### TASK ITEM
Restate the listing below word for word; no picture is to be carried over.

(INPUT DATA)

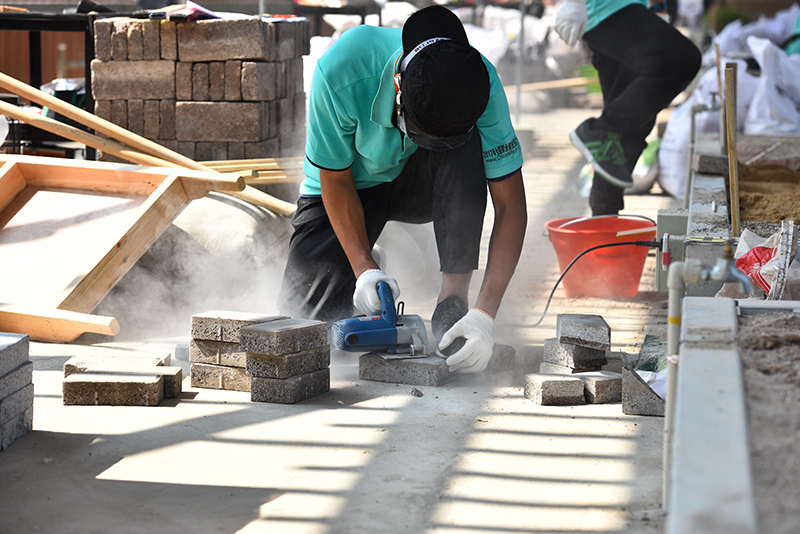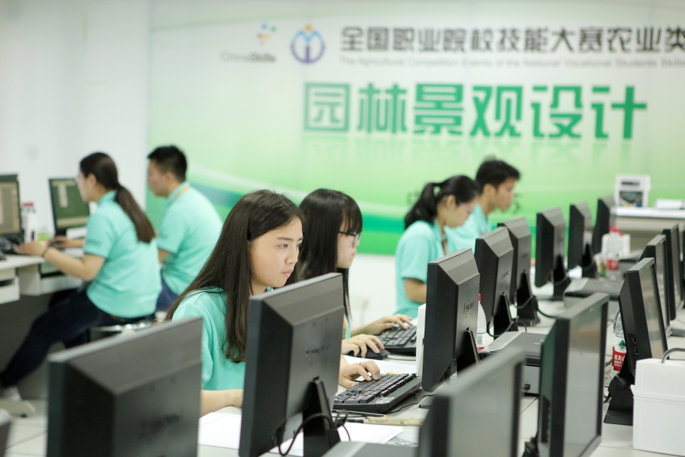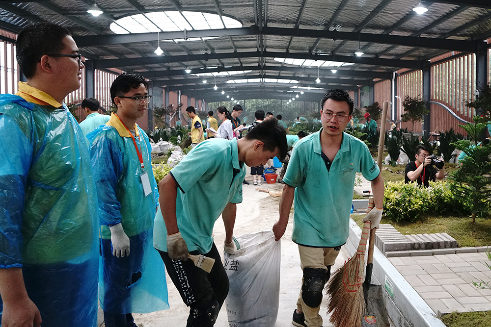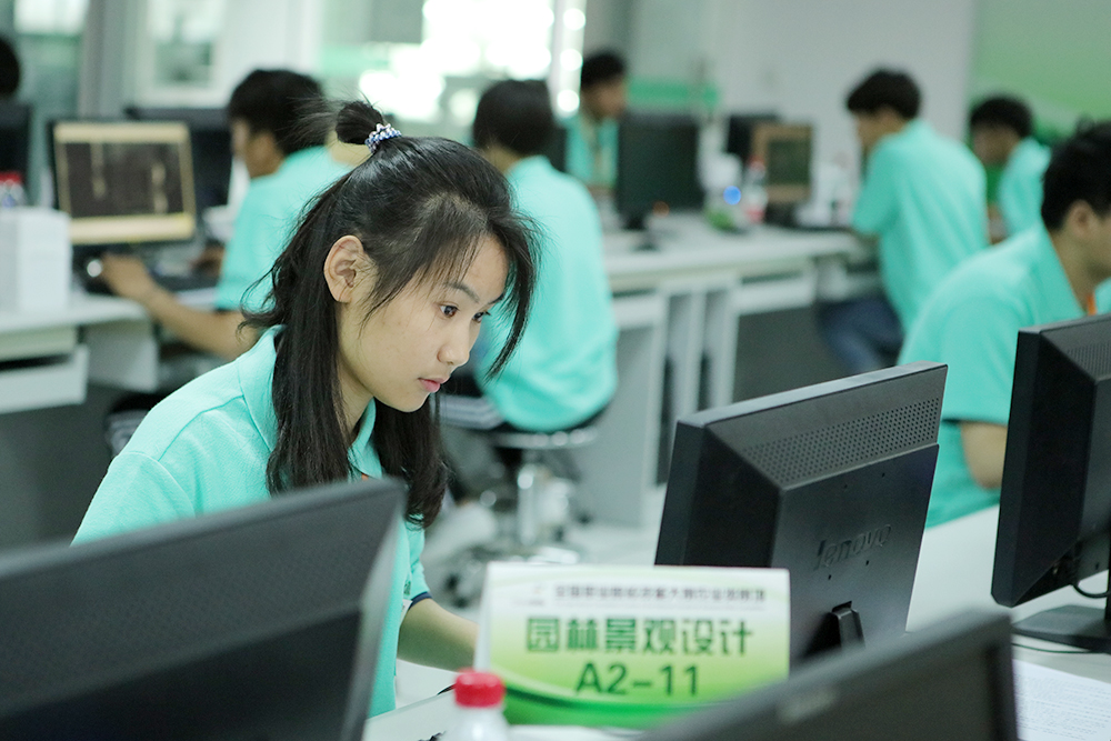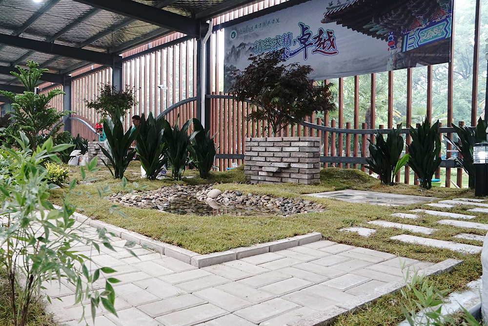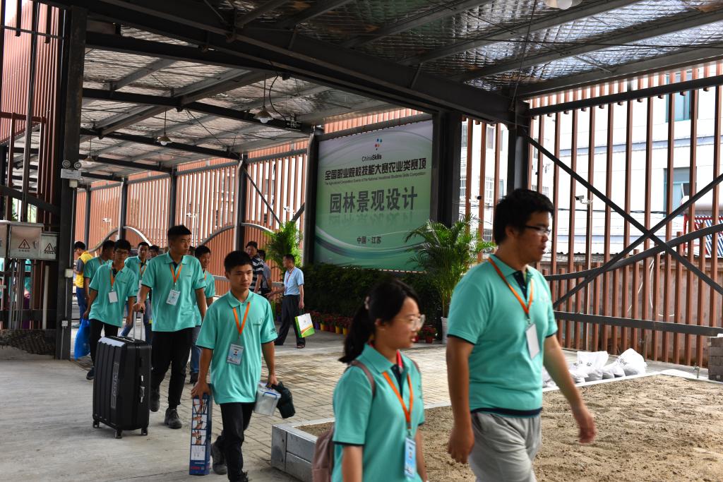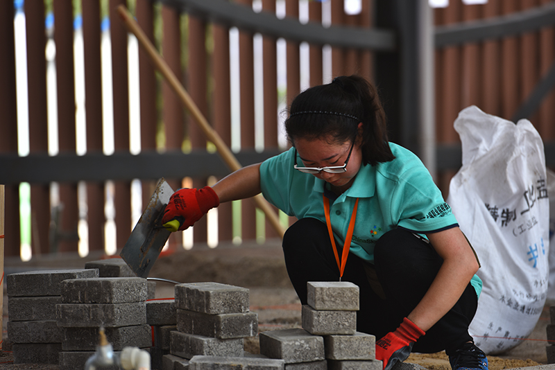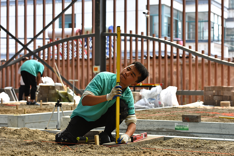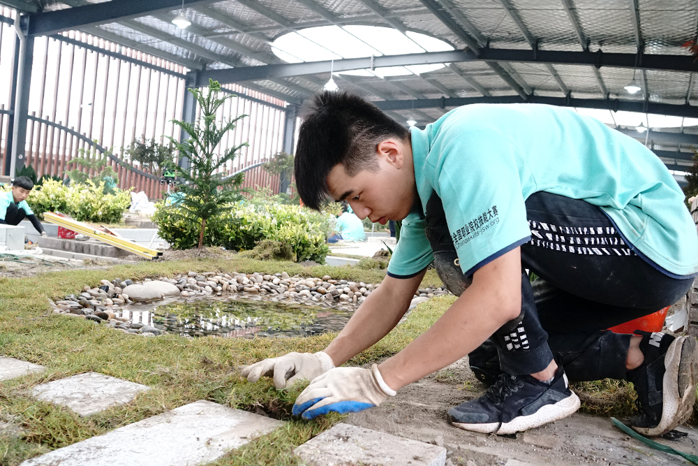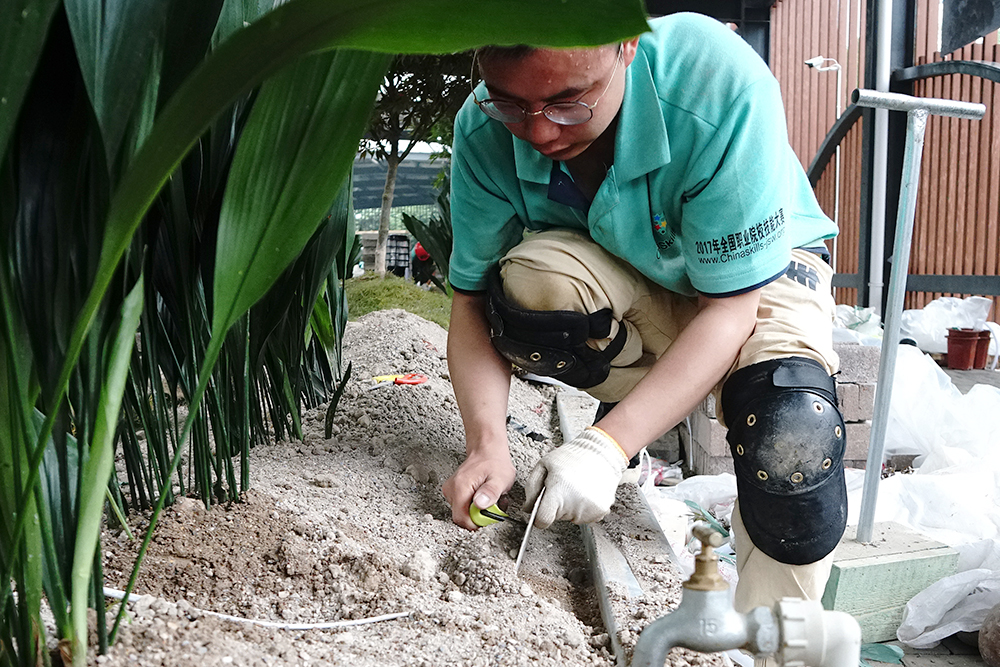 与以往赛项不同的是,本次园林景观设计赛项对接世界技能大赛,增加了园林工程施工部分,选手须按照编制好的计划,参照规划布局和高程式细节以及局部图纸等,使用工具对园林景观进行安装、布置和维护。比赛现场“硝烟四起”,选手们利用手中的工具或挖土、或砌墙,实地创造园林景观。裁判在裁判长的领导和监督下严格评分、一丝不苟,保证了比赛的公正与顺利进行。
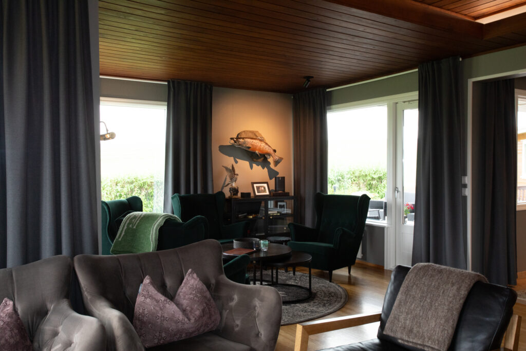 The Flóðvangur Lodge at Vatnsdalsá captures the essence of a classic fishing lodge, blending its authentic charm with understated elegance. Thoughtfully designed and surrounded by nature, the lodge offers beautiful views of the valley that enhance the experience. Each room is equipped with two comfortable beds and a private bathroom. After a day on the river, guests can unwind in the lodge’s hot tub or steam bath, enjoying the comfort and relaxation it provides.
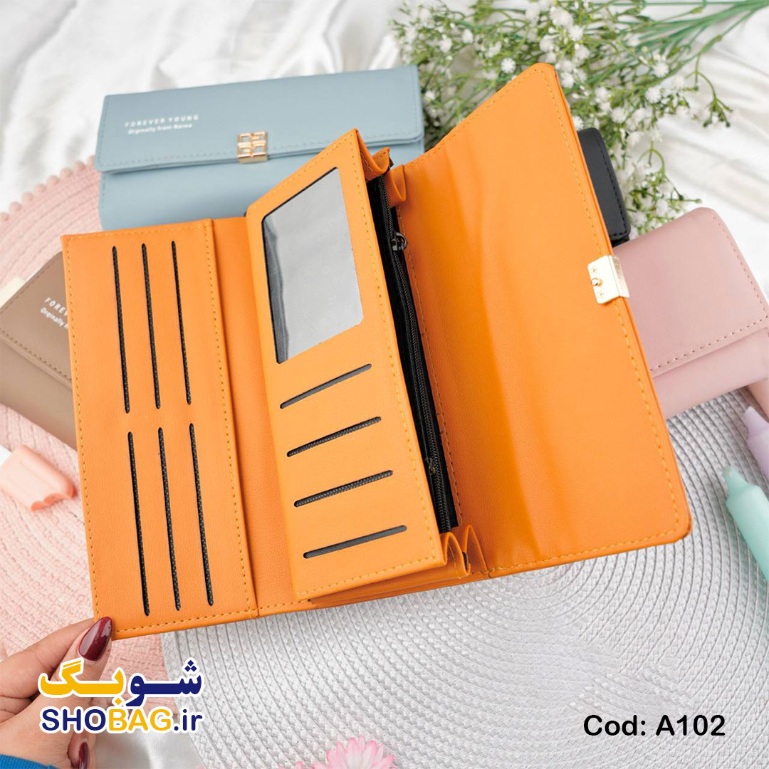 کیف پول زنانه A102 با طراحی شیک و مینیمال، انتخابی ایده‌آل برای خانم‌هایی است که به نظم و زیبایی اهمیت می‌دهند. این مدل به صورت کتابی باز می‌شود و فضای جادار آن کمک می‌کند تمامی کارت‌ها، اسکناس‌ها و مدارک خود را به‌راحتی همراه داشته باشید.

(End INPUT DATA)

### ANSWER TO THIS PROBLEM
 与以往赛项不同的是,本次园林景观设计赛项对接世界技能大赛,增加了园林工程施工部分,选手须按照编制好的计划,参照规划布局和高程式细节以及局部图纸等,使用工具对园林景观进行安装、布置和维护。比赛现场“硝烟四起”,选手们利用手中的工具或挖土、或砌墙,实地创造园林景观。裁判在裁判长的领导和监督下严格评分、一丝不苟,保证了比赛的公正与顺利进行。
 The Flóðvangur Lodge at Vatnsdalsá captures the essence of a classic fishing lodge, blending its authentic charm with understated elegance. Thoughtfully designed and surrounded by nature, the lodge offers beautiful views of the valley that enhance the experience. Each room is equipped with two comfortable beds and a private bathroom. After a day on the river, guests can unwind in the lodge’s hot tub or steam bath, enjoying the comfort and relaxation it provides.
 کیف پول زنانه A102 با طراحی شیک و مینیمال، انتخابی ایده‌آل برای خانم‌هایی است که به نظم و زیبایی اهمیت می‌دهند. این مدل به صورت کتابی باز می‌شود و فضای جادار آن کمک می‌کند تمامی کارت‌ها، اسکناس‌ها و مدارک خود را به‌راحتی همراه داشته باشید.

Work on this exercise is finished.